1 1/2 teaspoons kosher salt

1 tablespoon butter

For the shrimp:

1 1/2 pounds peeled and deveined shrimp

1 teaspoon Old Bay seasoning

1 lemon, cut in half

1/4 teaspooon baking soda

1/4 teaspoon cornstarch

For the gravy:

6 slices bacon, diced

2 tablespoons butter

1 onion, diced

2 cups shopped crimini mushrooms

2 cloves garlic, minced

2 tablespoons all-purpose flour

1/2 cup white wine

1 cup chicken stock, preferably homemade Kosher salt, to taste Thinly sliced green onions, or chives for garnish

For the grits, bring liquid to a gentle boil in a heavy sauce pan or dutch oven. Add grits and reduce heat to medium low. Whisk occasionally at first, then whisk more frequently as the grits begin to thicken, watching carefully to make sure the bottom of the pot does not scald. Cook until the grits are thick and creamy, about an hour to hour and half. Add salt and butter, adjusting to personal taste. Meanwhile, prepare the shrimp and gravy.

For the shrimp, sprinkle them with Old Bay seasoning, baking soda & corn starch. Refrigerate for 30 minutes min, up to 1 hour. When ready to saute squeeze 1/2 lemon on shrimp.

For the gravy, heat a large cast iron pan over medium-high heat. Cook until bacon is brown and almost crispy (but not quite). Remove the bacon from the pan and set aside. Drain all of the bacon grease except for 2 tablespoons. Lower the heat to medium, add the shrimp (in batches if necessary) and saute, flipping once, until pink and cooked through, approximately 3 - 5 minutes. Remove shrimp with their cooking liquids. Squeeze with the juice of the remaining lemon half and set aside.

Heat the butter in the same pan over medium to medium-high until melted. Add onions, mushrooms and saute until tender, about seven minutes. Throw in garlic and cook for another minute. Sprinkle flour over the onions and cook until it is absorbed, about 1 more minute. Add wine and reduce until the mixture is thickened. Add chicken stock and continue cooking until the gravy reaches your desired consistency, about 5 minutes. Season with kosher salt, to taste. Return the bacon and shrimp with its juices to the pan and reheat shrimp. Adjust seasoning as necessary.

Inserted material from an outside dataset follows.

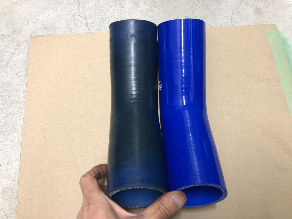 取り外したシリコンホースの形状は60mm45℃のエルボーホースなのですが、長さが片側125mmでネットで簡単に手に入る60mm、45°のエルボーホースは殆どの長さが方が90mmしかありませんでした。仕方がないのでSamco製を扱っている平野タイヤさんにネットで注文。Samcoのシリコンホースは簡単には入手出来ないんですね…今回初めて知りました。

To serve, spoon the grits into bowls. Pour shrimp and gravy on top and garnish with sliced green onions or chives.


----------



## dirtsailor2003 (Mar 3, 2016)

25089983299_ef71e40391_k.jpg



__ dirtsailor2003
__ Mar 3, 2016


















25378834061_dbdf6778b2_k.jpg



__ dirtsailor2003
__ Mar 3, 2016


















25104145989_ab9cebbbe5_k.jpg



__ dirtsailor2003
__ Mar 3, 2016


----------



## SmokinAl (Mar 3, 2016)

OMG Case!

That sounds absolutely delicious!

I have to make this!

I love all the ingredients, they are all favorite things we eat.

Why not put them all together.

Awesome!

POINTS for sharing this incredible recipe!

Al


----------



## dirtsailor2003 (Mar 3, 2016)

SmokinAl said:


> OMG Case!
> 
> That sounds absolutely delicious!
> 
> ...



Thanks Al! My wife said it was the best grits and shrimp she's ever had. One thing I will change is the mushroom infusion. It completely overpowered the shrimp in the stock. Next time I will use less mushrooms in the stock when doing the infusion step. 

The lemon on the shrimp was a nice addition. Wasn't sure how it would be with everything but it was really nice. 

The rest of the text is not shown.